## What the task asks
Write back every line of the listing exactly, excluding images.

## Source material
- Opening Delimiter -

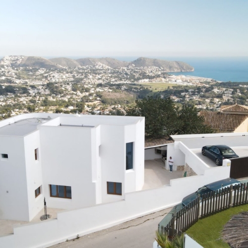 Located in one of the most exclusive areas of Moraira, this captivating Mediterranean-style villa offers stunning open views of Cabo de Moraira, the sea, and the entire coastline. Nestled atop a hill, the property enjoys absolute privacy in its outdoor spaces: a spacious sunny terrace, a low-maintenance garden, and a uniquely designed pool, all perfectly integrated into the natural surroundings.
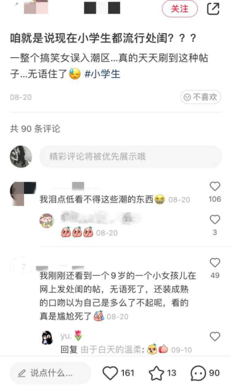 然而,本身的低幼形象與玩網(wǎng)青年想象中的成年人存在著巨大的裂隙:低質(zhì)、略顯無聊的內(nèi)容,配上“已黑化”的昵稱與低劣的審美品味,成為了主流看客眼中的笑柄。無論是B站、快手還是抖音,這些視頻下面熱評(píng)大多是嘲諷:“長大后哭著刪系列!薄斑@就是10后嗎,666。”至此,這場拙劣的模仿成為了一場徹底的鬧劇。
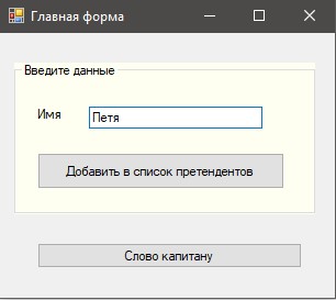 Призначення форми: сформувати список List імен претендентів. У текстове поле вводиться ім'я. При натисканні кнопки "Додати до списку претендентів" введене ім'я дописується до списку. При натисканні кнопки "Слово капітану" відкривається форма Капітан, яка повинна використовувати створений список List.

- Closing Delimiter -

## Answer
 Located in one of the most exclusive areas of Moraira, this captivating Mediterranean-style villa offers stunning open views of Cabo de Moraira, the sea, and the entire coastline. Nestled atop a hill, the property enjoys absolute privacy in its outdoor spaces: a spacious sunny terrace, a low-maintenance garden, and a uniquely designed pool, all perfectly integrated into the natural surroundings.
 然而,本身的低幼形象與玩網(wǎng)青年想象中的成年人存在著巨大的裂隙:低質(zhì)、略顯無聊的內(nèi)容,配上“已黑化”的昵稱與低劣的審美品味,成為了主流看客眼中的笑柄。無論是B站、快手還是抖音,這些視頻下面熱評(píng)大多是嘲諷:“長大后哭著刪系列!薄斑@就是10后嗎,666。”至此,這場拙劣的模仿成為了一場徹底的鬧劇。
 Призначення форми: сформувати список List імен претендентів. У текстове поле вводиться ім'я. При натисканні кнопки "Додати до списку претендентів" введене ім'я дописується до списку. При натисканні кнопки "Слово капітану" відкривається форма Капітан, яка повинна використовувати створений список List.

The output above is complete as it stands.